**TASK BRIEF**
Nothing but the lines from the top of the records through the line with "SHATCHI 20 pcs" should be returned, exactly, and without pictures.

**INPUT MATERIAL**
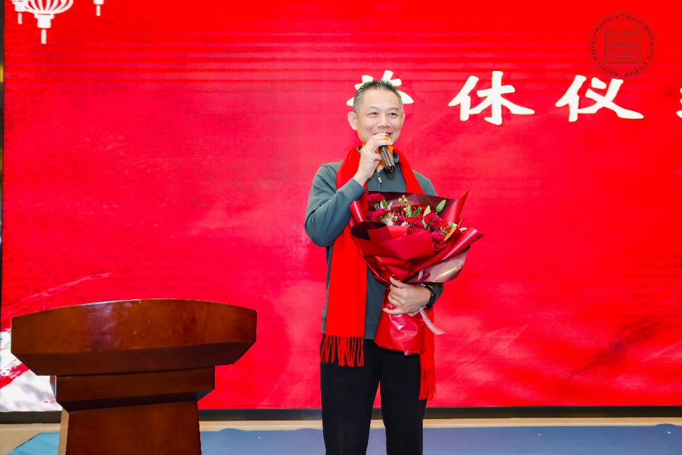 荣休仪式上,学院特别向2025年退休教师代表吉文灿老师献花。吉文灿老师深耕讲台37载,为学院的社会服务与管理工作作出重要贡献。他深情回顾执教岁月,言语中满载对学院的深厚情感和对教育事业的不懈热爱。仪式后,全体参会人员拍摄管院“全家福”,定格温暖瞬间。
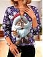Weihnachten Damen Pullover Sweatshirt Hoodies Grafik Tier Mode Lässig Langarm Rundhals reguläre Tops Straßen Alltagsbekleidung Druck Rot Blau Lila Grün Frühling Herbst Winter
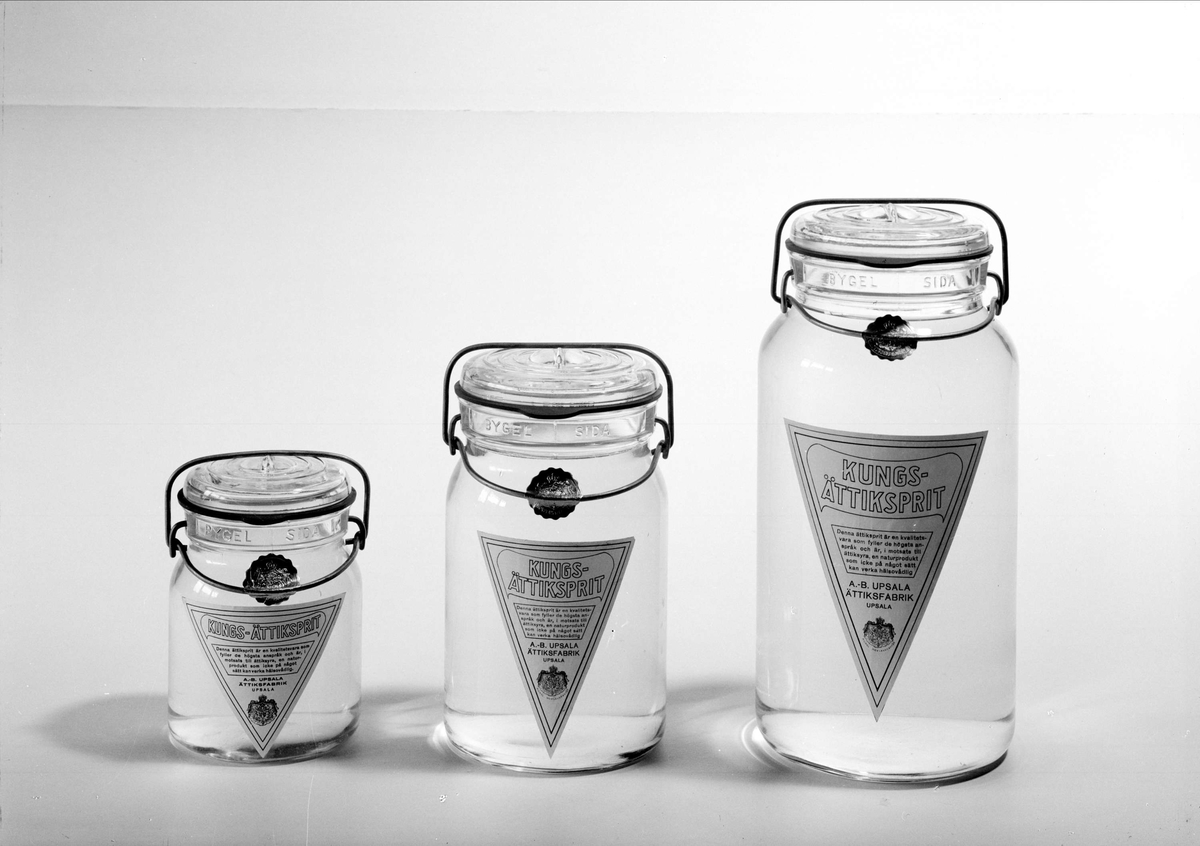 Glasburkar med Kungs-ättiksprit från AB Upsala Ättiksfabrik, S:t Persgatan 39, Uppsala 1937
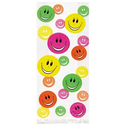 SHATCHI 20 pcs Smiley Cello Favour Plastic Birthday Bags Party Supply, Multi
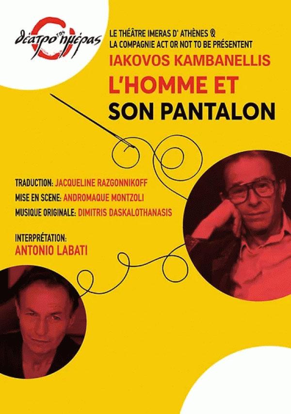 Le hasard est toujours une belle rencontre. Cet après-midi, ai vu, par hasard, "L'homme et son pantalon" au théâtre de l'Epée de bois. Ai découvert un texte et un auteur, Iakovos Kambanellis, magnifiquement porté - cela va sans dire - par Antonio Labati. Autour du comédien, une magnifique équipe, Andromaque Montzoli (mise en scène), Dimitris Daskalothanasis, (musique), Jacqueline Razgonnikoff (traduction. Oui c'est un texte grec, d'un auteur grec, un grand auteur de théâtre de notre temps). Allez vous promener à la Cartoucherie, Allez, Allez,Allez ! Ouvrez la porte et vous verrez. C'est bien cela le théâtre !
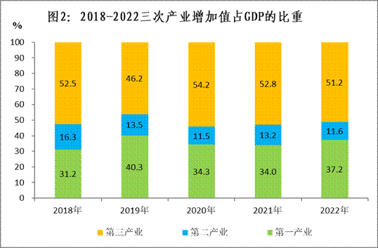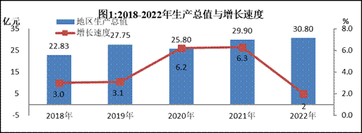 初步核算,2022年,全縣實現(xiàn)地區(qū)生產(chǎn)總值30.8億元,按可比價計算,比上年增長2%。其中,第一產(chǎn)業(yè)增加值11.4億元,增長4.7%;第二產(chǎn)業(yè)增加值3.6億元,增長0.7%;第三產(chǎn)業(yè)增加值15.8億元,增長0.6%。三次產(chǎn)業(yè)比重為37.2:11.6:51.2。
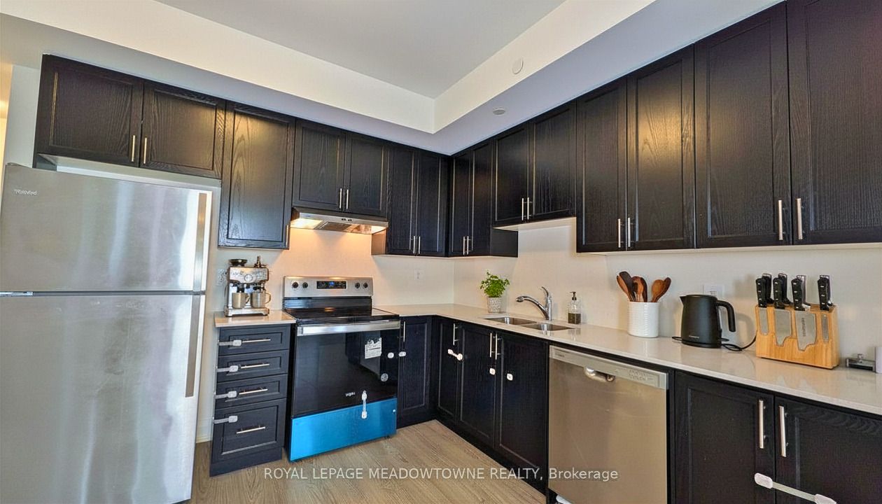 Welcome to this executive modern 2-storey townhouse in highly desired woodlands, pickering. Offering 1,100+ sq ft of well-designed living space, this home combines contemporary style with everyday comfort. The main level features a bright open-concept living and dining area with wide-plank flooring and a modern kitchen equipped with stainless steel appliances and ample cabinetry-perfect for entertaining or relaxed daily living. Step out to your private balcony and enjoy open views. The lower level hosts two generously sized bedrooms, each offering excellent privacy and natural light. The primary bedroom includes a 3-piece ensuite bathroom, while a second full bathroom serves the additional bedroom. A convenient powder room is located on the main level. In-unit laundry and numerous builder upgrades throughout complete this impressive home. Ideally situated close to shopping malls, schools, transit, highway 401, bus stops, tim hortons, lcbo, and all major amenities-making commuting and daily errands effortless. A fantastic opportunity for a small family, first time home buyer or investor.
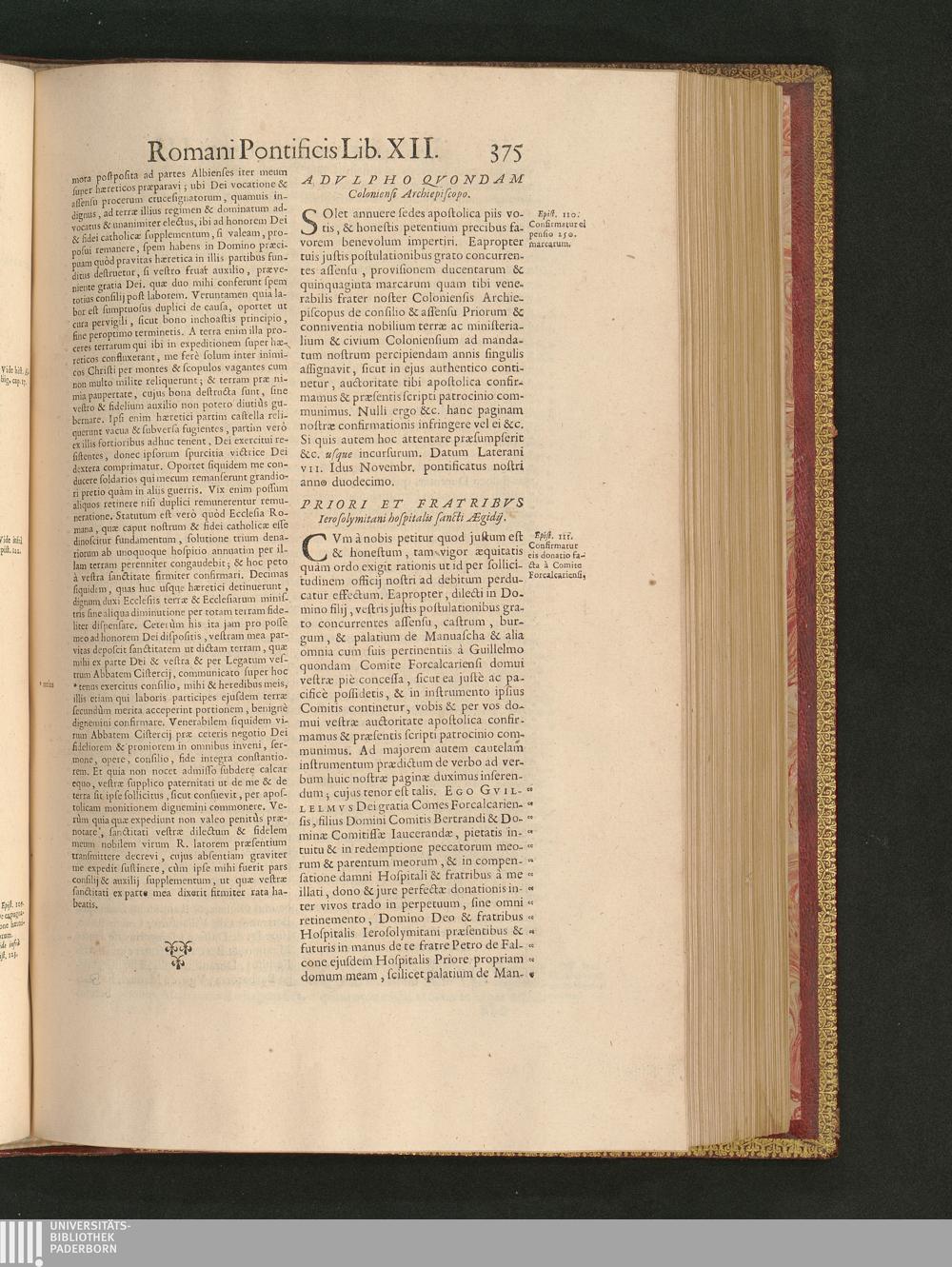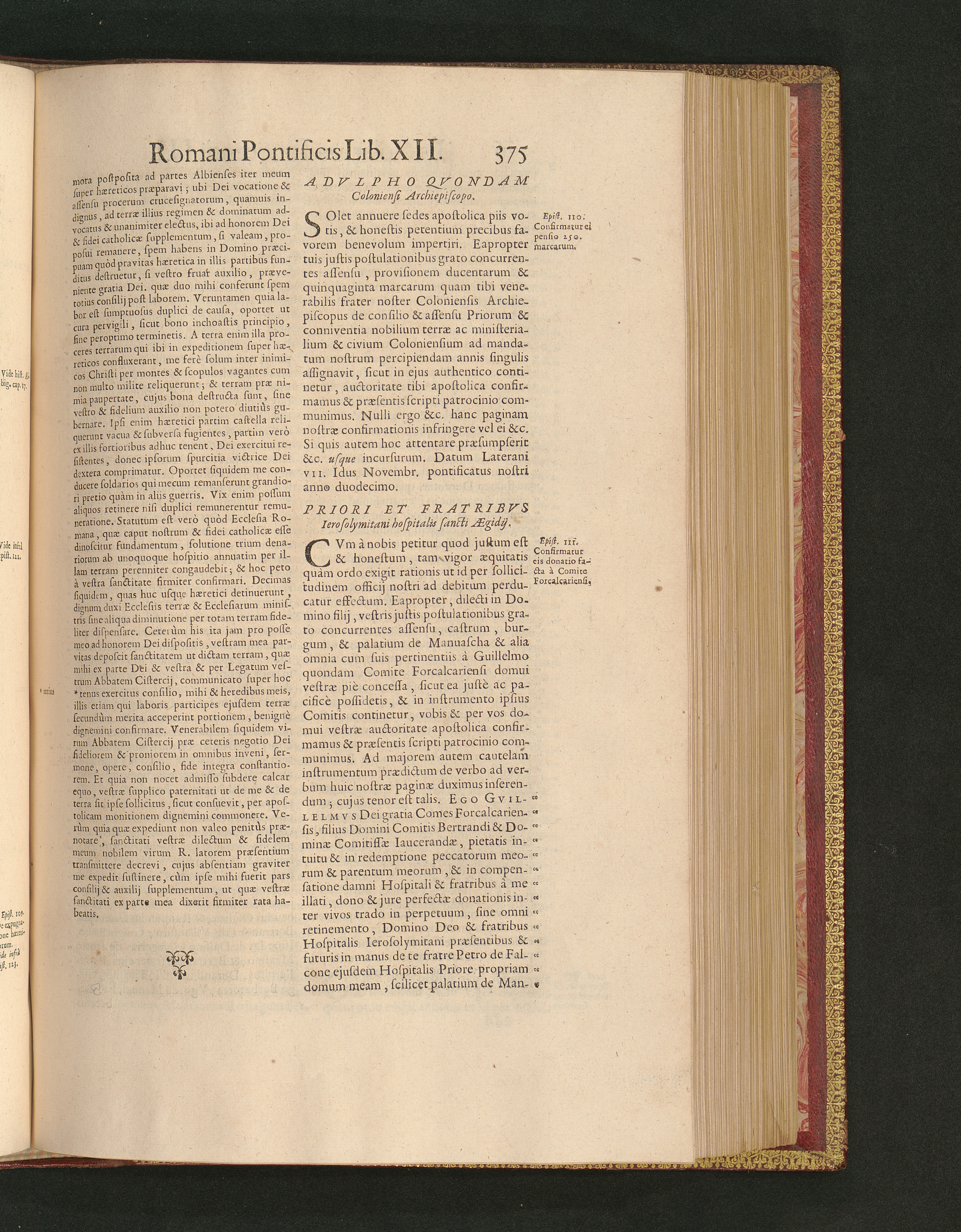 Priori Et Fratribvs Ierosolymitani hospitalis sancti Ægidij.
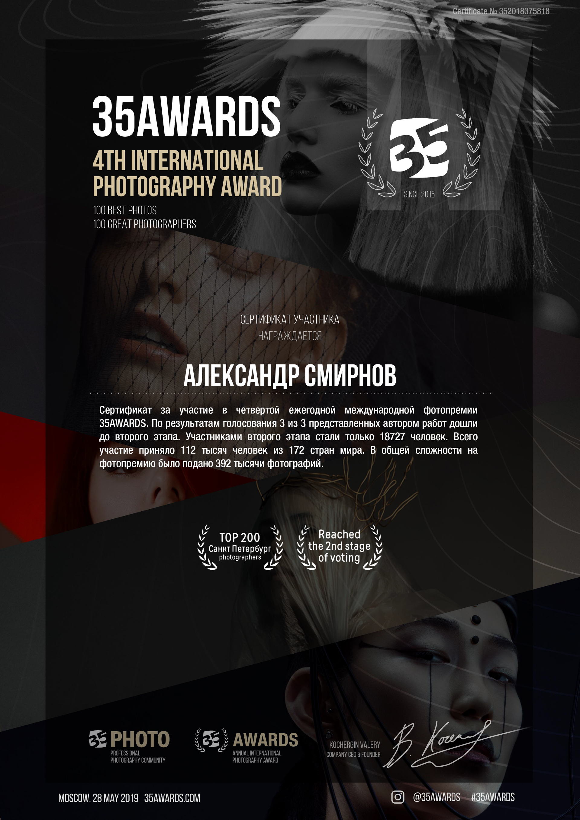 - Финалист MyWed Award в номинации «Love Story» и «Я — фотограф».
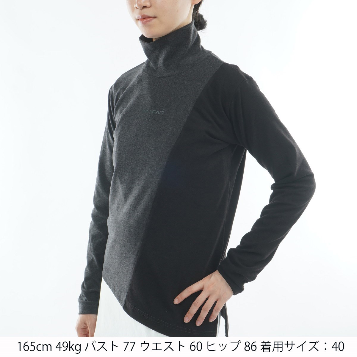 ビバハート VIVA HEART ストレッチ ニュアンスカラーデザイン切替 モックネックプルオーバー 40 ブラック 019 レディス

**RESULT OF THE TASK**
 荣休仪式上,学院特别向2025年退休教师代表吉文灿老师献花。吉文灿老师深耕讲台37载,为学院的社会服务与管理工作作出重要贡献。他深情回顾执教岁月,言语中满载对学院的深厚情感和对教育事业的不懈热爱。仪式后,全体参会人员拍摄管院“全家福”,定格温暖瞬间。
Weihnachten Damen Pullover Sweatshirt Hoodies Grafik Tier Mode Lässig Langarm Rundhals reguläre Tops Straßen Alltagsbekleidung Druck Rot Blau Lila Grün Frühling Herbst Winter
 Glasburkar med Kungs-ättiksprit från AB Upsala Ättiksfabrik, S:t Persgatan 39, Uppsala 1937
 SHATCHI 20 pcs Smiley Cello Favour Plastic Birthday Bags Party Supply, Multi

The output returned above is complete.